Data segment:
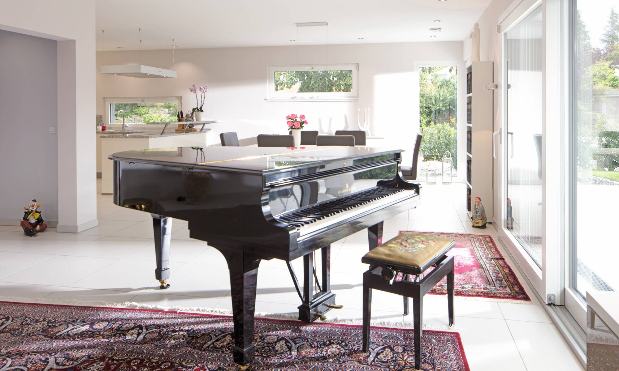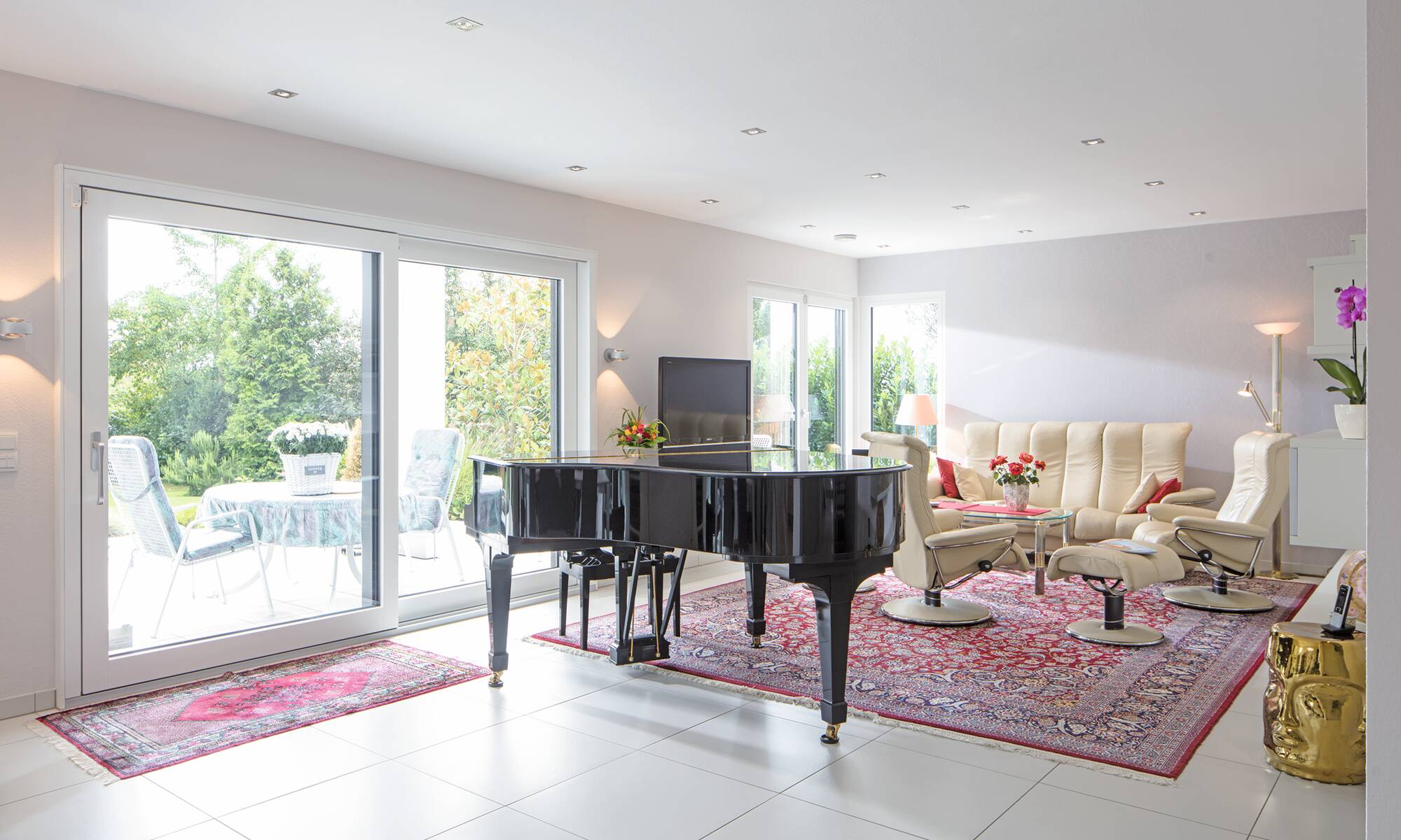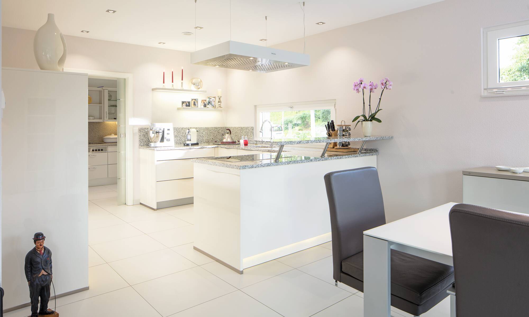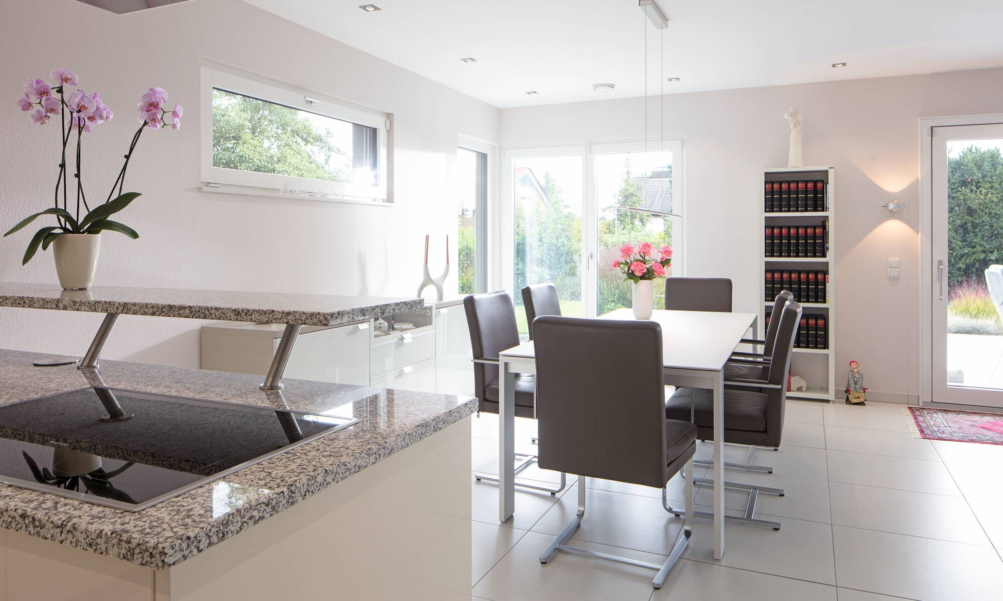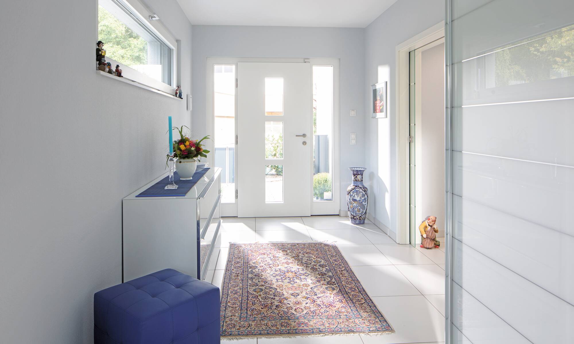 Das Ehepaar Paulsen hat ihr Traumhaus in der Baureihe CityLife entdeckt. „Wir freuen uns jeden Tag aufs Neue, in diesem komfortablen und schönen Haus wohnen zu können“, schwärmen die Hausbesitzer. Das Stadthaus mit seinen zwei Vollgeschossen und dem Walmdach bietet eine Wohnfläche von rund 220 Quadratmetern.Hinzu kommt ein Weberith-Keller. Farbige Akzente und Fensterrahmen in Grau lockern die ansonsten weiße Außenfassade auf. Passend dazu haben sich die Hausbesitzer für graue Dachziegeln entschieden.
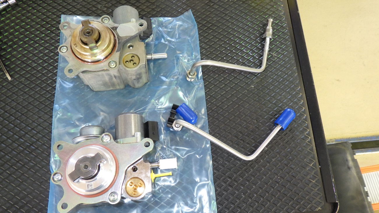新旧比較した高圧ポンプになります。下の部品一式が高圧ポンプ及びパイプになります。
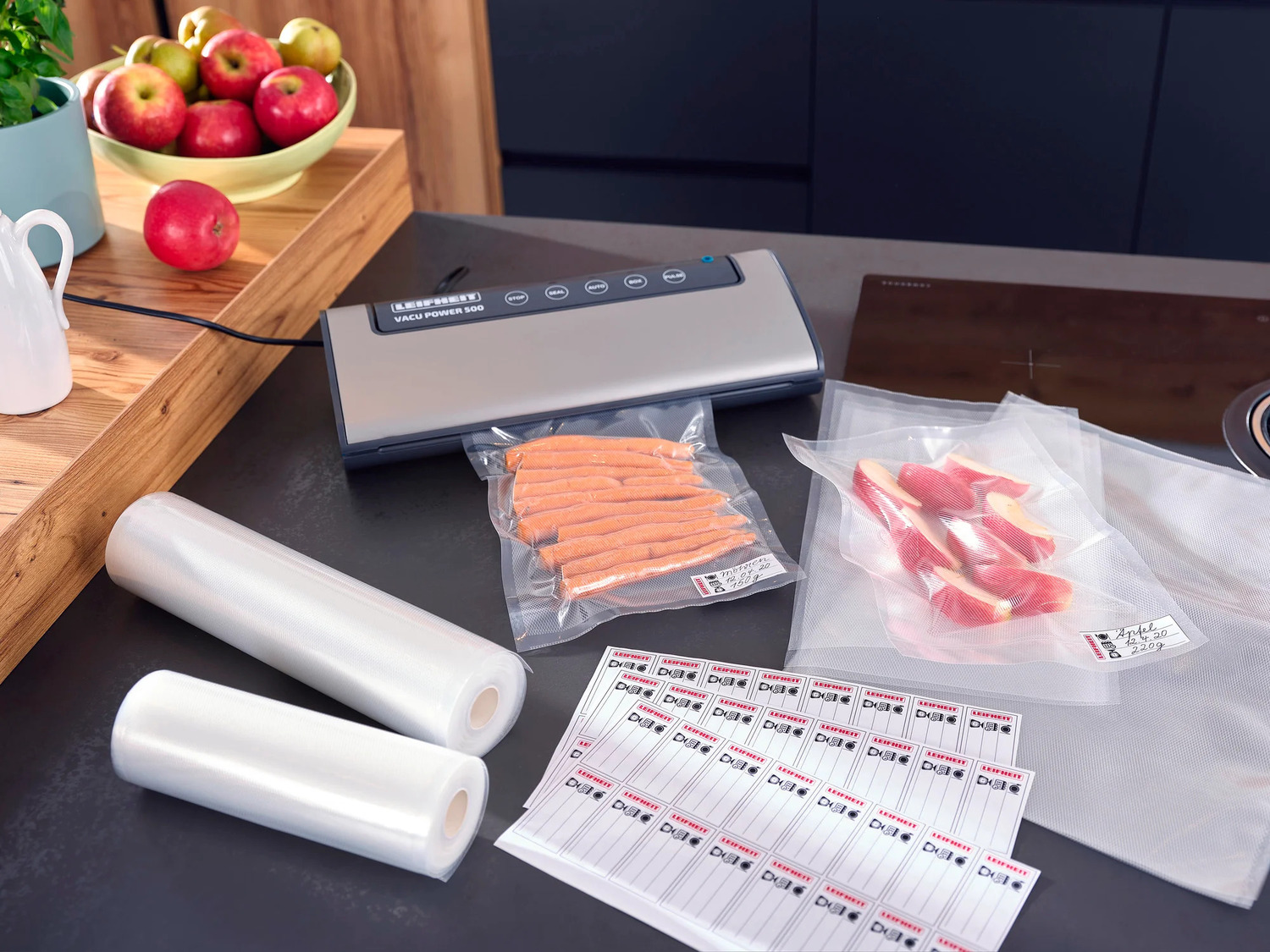 Leifheiti vaakumkotid 20 × 30 cm on ideaalne lahendus toidu säilitamiseks strateegiliselt ja tõhusalt. Need täiesti õhukindlad ja vedelikupidavad kotid pikendavad toidu värskust säilitades maitset ja toiteväärtust. Kombineerituna Leifheiti vaakumpakendajaga võib säilitusaega pikendada kuni viiekordseks ilma säilitusaineteta.

Activity: Without any pictures, restate word for word only the lines from the one with "新旧比較した高圧ポンプになります。下の部品一式が高圧ポンプ及びパイプになります。" through the end of the listing.

Solution:
新旧比較した高圧ポンプになります。下の部品一式が高圧ポンプ及びパイプになります。
 Leifheiti vaakumkotid 20 × 30 cm on ideaalne lahendus toidu säilitamiseks strateegiliselt ja tõhusalt. Need täiesti õhukindlad ja vedelikupidavad kotid pikendavad toidu värskust säilitades maitset ja toiteväärtust. Kombineerituna Leifheiti vaakumpakendajaga võib säilitusaega pikendada kuni viiekordseks ilma säilitusaineteta.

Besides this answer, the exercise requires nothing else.